In an age when private-money kings like the Blackstone Group’s Stephen Schwarzman and SAC Capital’s Steve Cohen have become pseudo-celebrities, Ken Griffin remains largely unknown despite sitting atop one of the most formidable companies in American finance. Citadel has ballooned into a $13.5 billion leviathan. (That’s $1.5 billion more than Cohen’s firm and half a billion dollars more than the fund run by George Soros, according to estimates.) On some days it trades as much as 3 percent of the volume on the Nasdaq and the New York Stock Exchange, making Griffin a very rich man, with an estimated net worth of $1.7 billion.

But as his industry emerges from one of the most lucrative periods of money-making in history and charges into an uncertain future, Griffin, 38, is reassessing. He is considering whether to take Citadel public in what would likely be the biggest stand-alone hedge fund initial public offering ever seen in the United States. At the same time, he is working aggressively to transform his company into a financial supermarket akin to Citigroup and Goldman Sachs. "We still have a lot of aspirations ahead of us," he says.

Such grand plans are symptomatic of what might be described as a hedge-fund-industry midlife crisis. A generation of swaggering yet press-shy financial barons has spent the past decade making billions of dollars—the rest of the world be damned. Now they’re waking up to a sobering realization: Nobody actually likes them. They are reviled in the public imagination for their secrecy and extravagant spending and resented by their peers on Wall Street for their huge paychecks. Each passing day, it seems, brings new calls for more regulation and better disclosure. At the same time, their jobs are getting more difficult. Intense competition has made it harder to generate the returns to justify their enormous fees.

It is in this climate that two kinds of hedge fund leaders have emerged: One type just wants to get rich and buy a Boeing 767 and a private island; the other harbors much grander ambitions, striving to rise above the industry’s frayed public image through philanthropy or politics. Griffin represents both.

Fundamentally, he’d just like to be left alone. He remains socially awkward and is clearly uncomfortable with the press; in our interview, he frequently turned to his glamorous wife, Anne Dias Griffin, 36, for reassurance.

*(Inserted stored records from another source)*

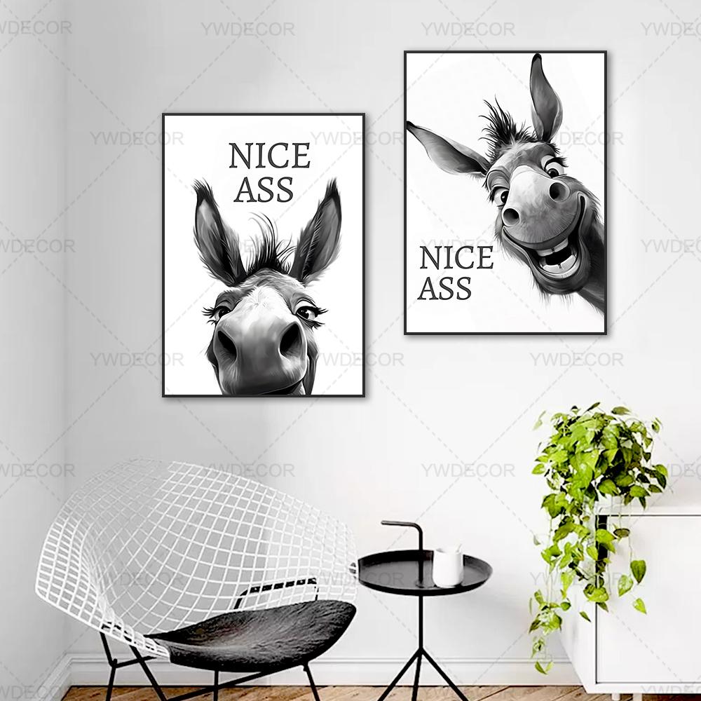 Абстрактный Забавные Животные Осел Постер Принт Живопись Надпись Nice Ass Холст Настенное Искусство Картинки для Дома Декор для Ванной
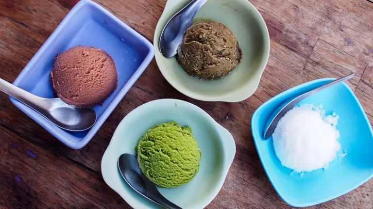 The ice cream here is made of organic produce from the farm of the shop owners. They also pair it with delicious Thai desserts. The shop also offers some simple savoury dishes like salad and chicken rice.
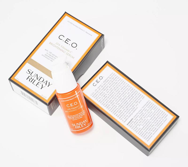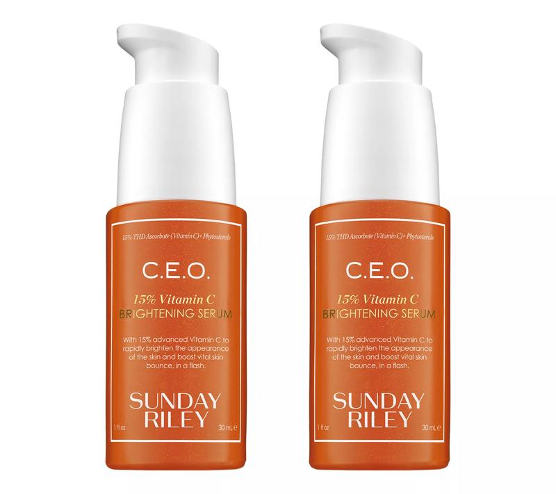 ·Two 1-fl oz C.E.O. Vitamin C Brightening SerumsSunday Riley C.E.O. Vitamin C Brightening Serum is targeted to improve the look of dullness. This hydrating formula illuminates the complexion so skin looks youthful. It contains THDA and tocopherol, antioxidants that help to fight against free radical aggressors.Vitamin C Brightening Serum exfoliates the skin, helping to diminish the look of fine lines and wrinkles. It also brightens the look of skin and makes dull skin appear more radiant.How do I use it: Apply one to two pumps to clean skin, morning or night.From Sunday Riley.Includes:
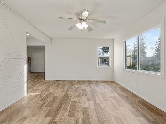 Updated charmer full of warmth, character, and modern updates! On a spacious lot, this home effortlessly blends original features with thoughtful improvements. Step inside to brand-new LVP flooring and carpet, fresh interior paint, and a new furnace. Two inviting living spaces boast large picture windows and a cozy wood stove—perfect for rainy days. The kitchen offers easy access to the backyard, making indoor-outdoor living seamless. A covered deck and fully fenced yard create the perfect setting for summer BBQs, gardening, or simply unwinding under the trees— this space is made to be enjoyed! Need extra storage or a workshop? The detached, extra-deep 2-car garage is ready for whatever you have in mind. With parks, schools, and shops just minutes away, this home is the perfect blend of convenience, comfort, and character. Come see it for yourself! [Home Energy Score = 7. HES Report at https://rpt.greenbuildingregistry.com/hes/OR10236011]
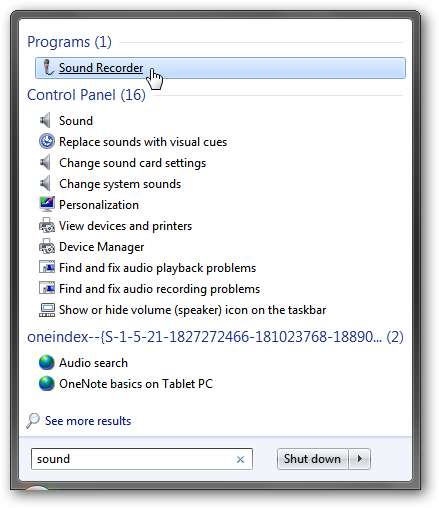Catatan: jika Anda menonaktifkan pencarian, Anda dapat menemukannya di All Programs> Accessories> Sound Recorder.
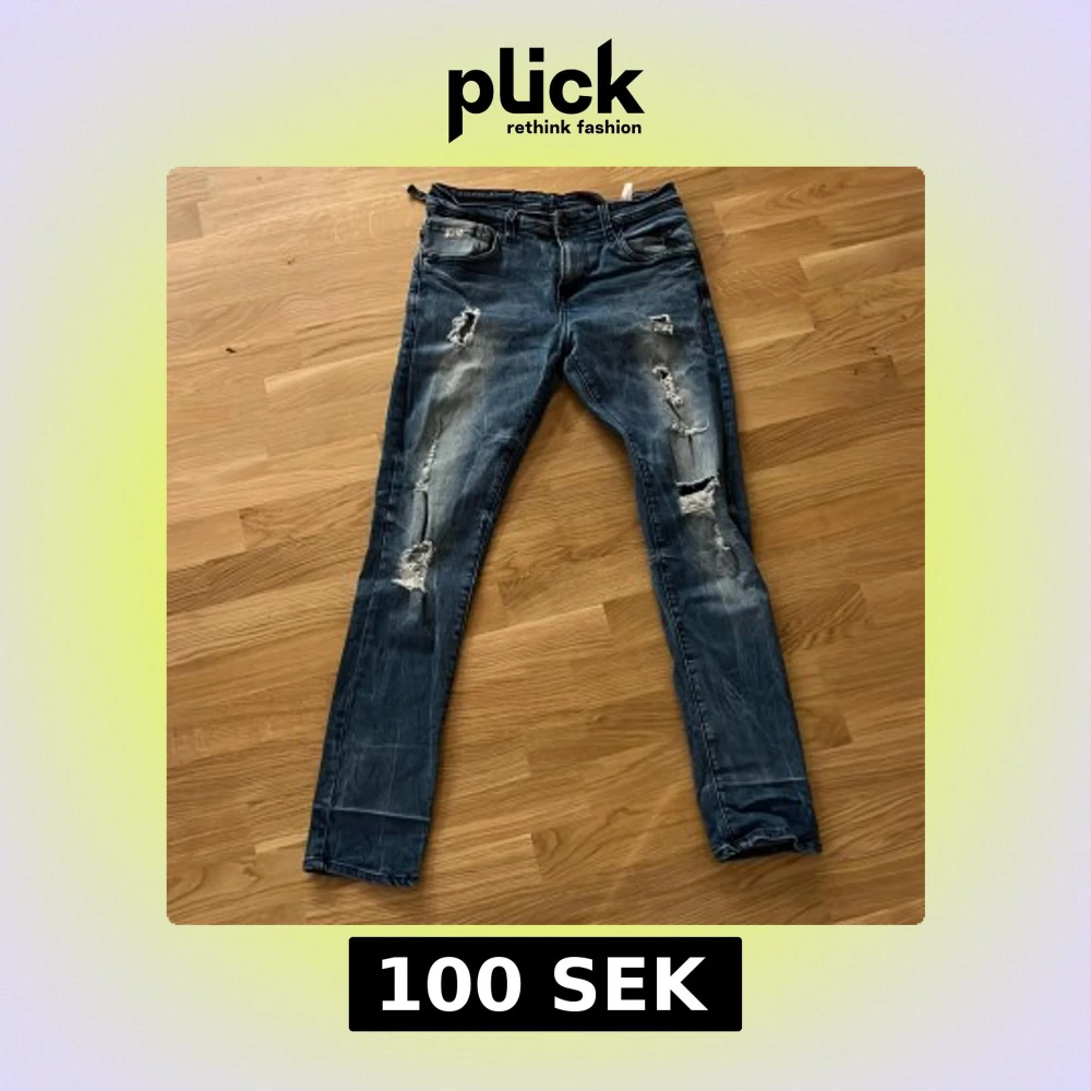 Säljer ett par blå jeans från Duracon med snygga slitningar och hål på framsidan. Jeansen har en smal passform och klassisk femficksdesign. De är tillverkade i jeansmaterial och har en cool, tvättad look med ljusare partier.
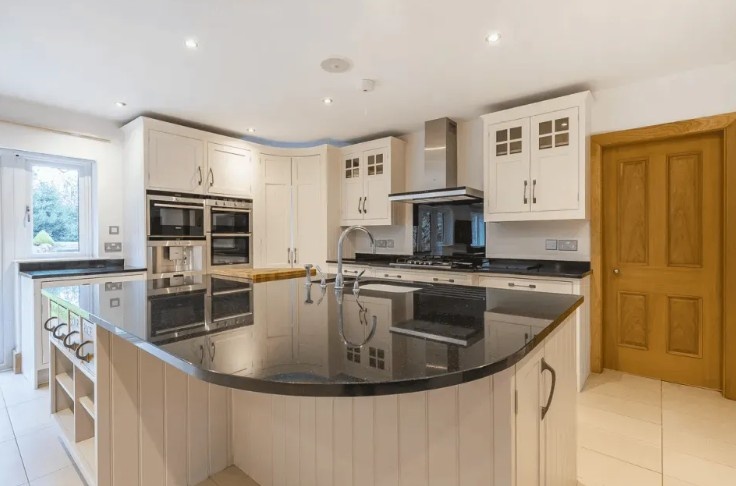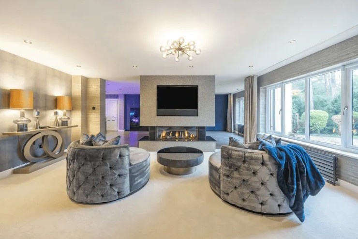 这栋豪宅位于英国,两层结构,居住面积8000平方英尺(折合743.22平方米),配有休闲娱乐副楼、室内游泳池、8间浴室,游戏室、酒吧、健身房、私人影院,可以说是非常奢华。
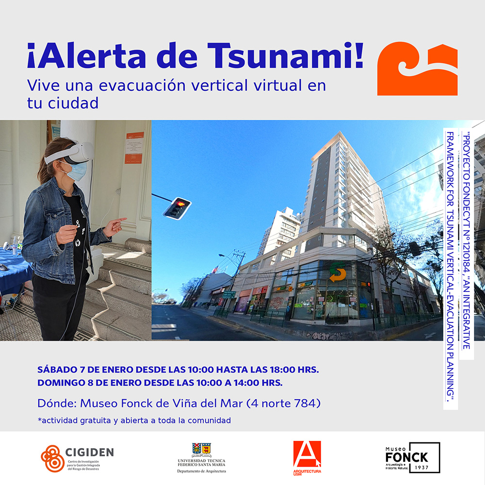 En el marco del proyecto de investigación Fondecyt nº 1210184: “An integrative framework for tsunami vertical-evacuation planning”, se invita a toda la comunidad del Departamento de Arquitectura a participar de una experiencia de realidad virtual inmersiva para simular procesos de evacuación vertical por tsunami en la ciudad de Viña del Mar.
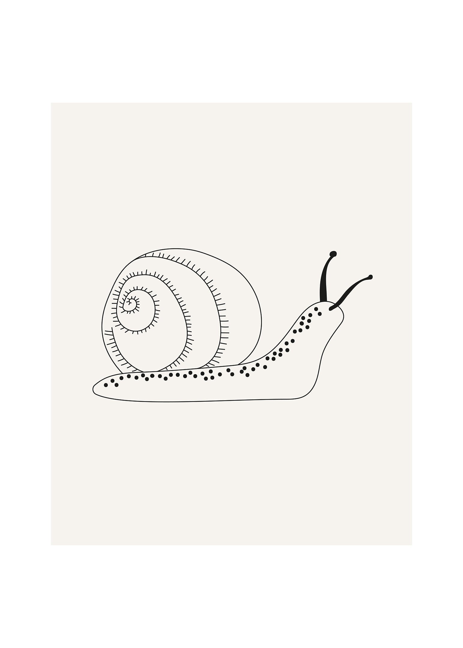 Poster med snigel på beige bakgrund, gullig i det minimalistiska barnrummet eller som ett avskalat inslag i en busig tavelvägg. Perfekt som present för den lilla som gärna nynnar till ”Lilla snigel”.
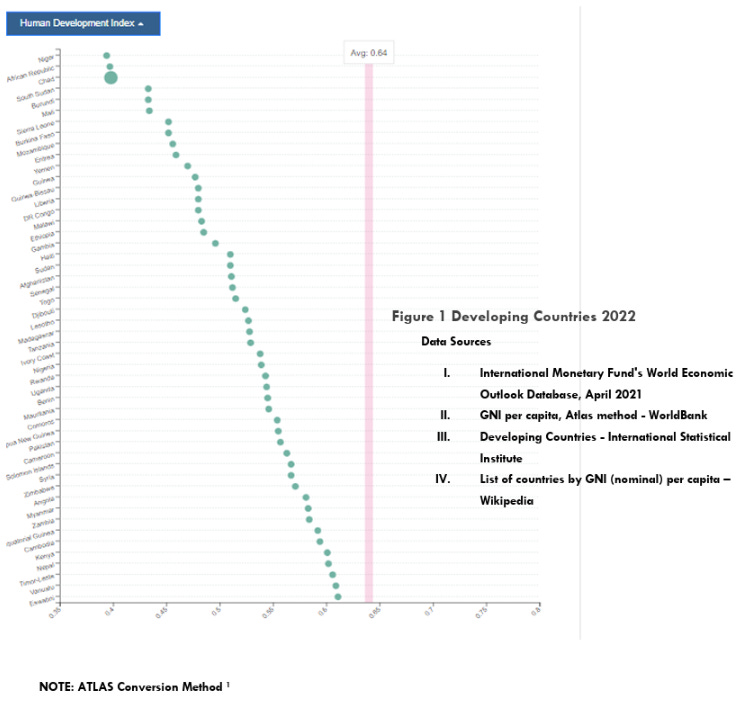 The highest possible HDI score is a 1.0. A country that scores less than .80 is considered developing. (World Population Review, GNI Data: 2020)
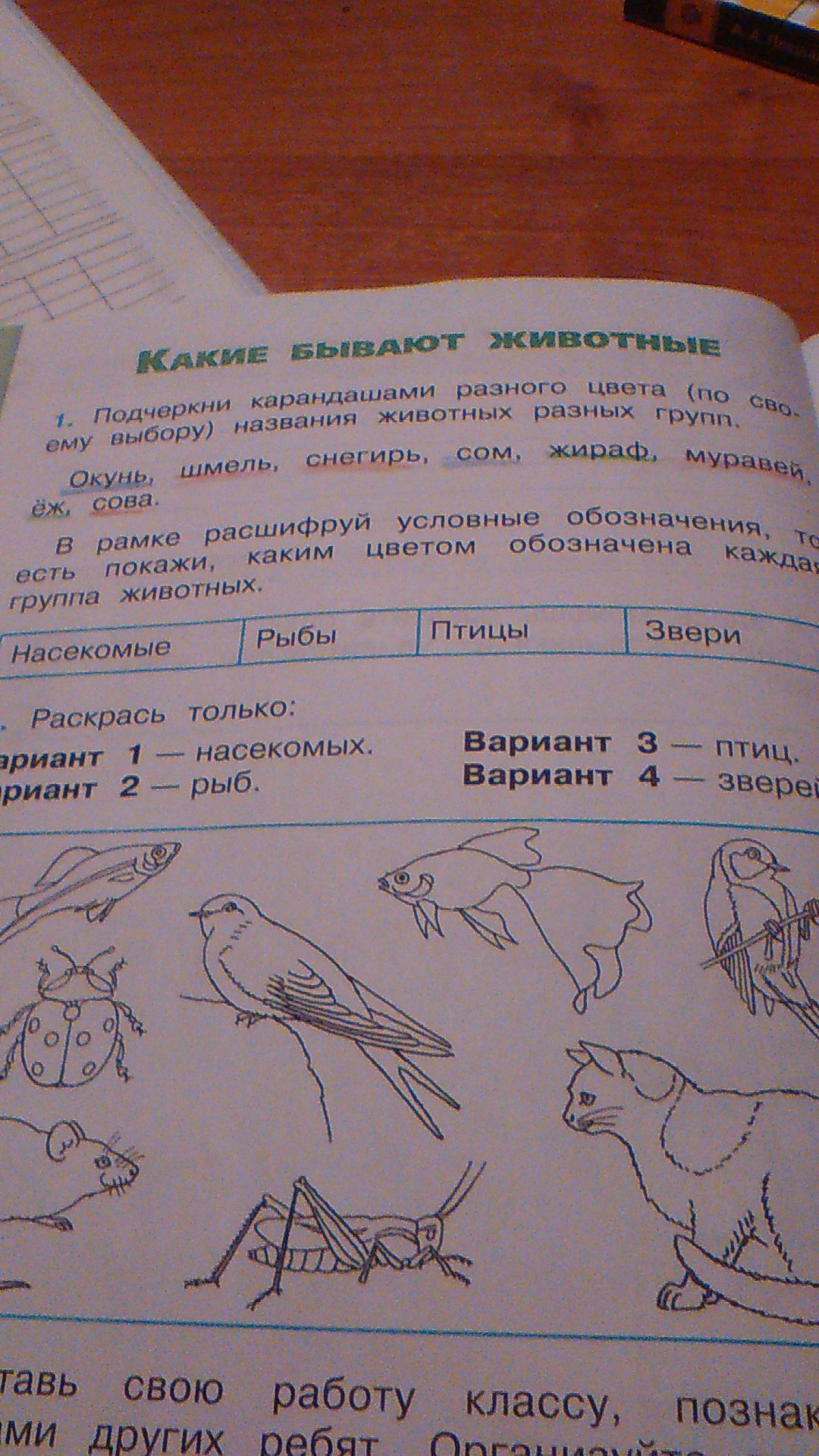Насекомые зелёным шмель муравей рыбы синим окунь сом птицы красным снегирь сова звери желтым жираф ёж
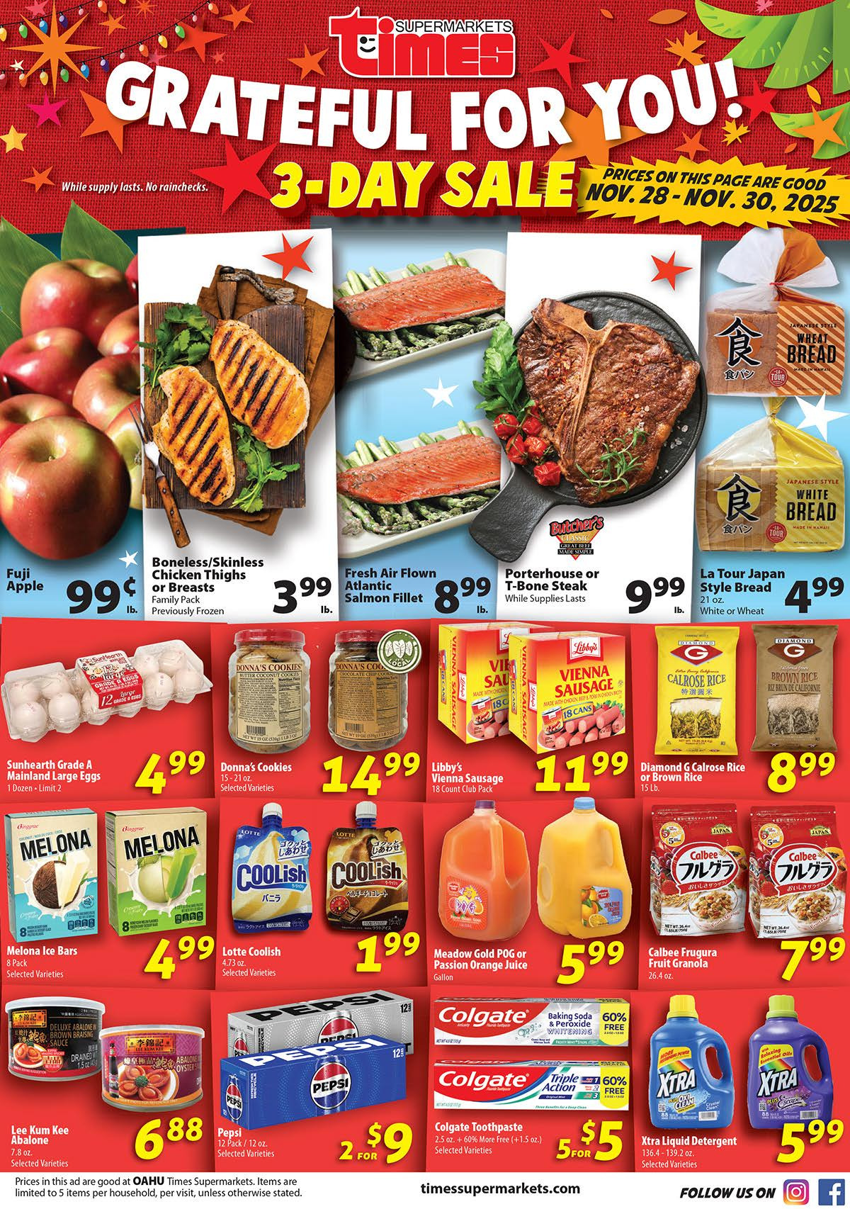 [ 하와이 마트&약국 ] "Times Supermarkets"(식품/야채/잡화) :: 세일정보 - 2025년 11월 28일 ~ 30일

But his great wealth has also pushed him into the limelight. Griffin has been mentioned as a possible candidate for political office in Illinois, a notion he dismisses. He and his wife also recently made a $19 million donation to the Art Institute of Chicago and purchased Jasper Johns’ painting False Start from Hollywood mogul David Geffen for $80 million, catapulting them into the top tier of American collectors.

Between them, they’ve joined the boards of the Art Institute of Chicago, Children’s Memorial Hospital, the Chicago Symphony Orchestra, and the Chicago Public Education Fund, among others. "We want to leave the city a better place than it was when we came to it," Griffin says.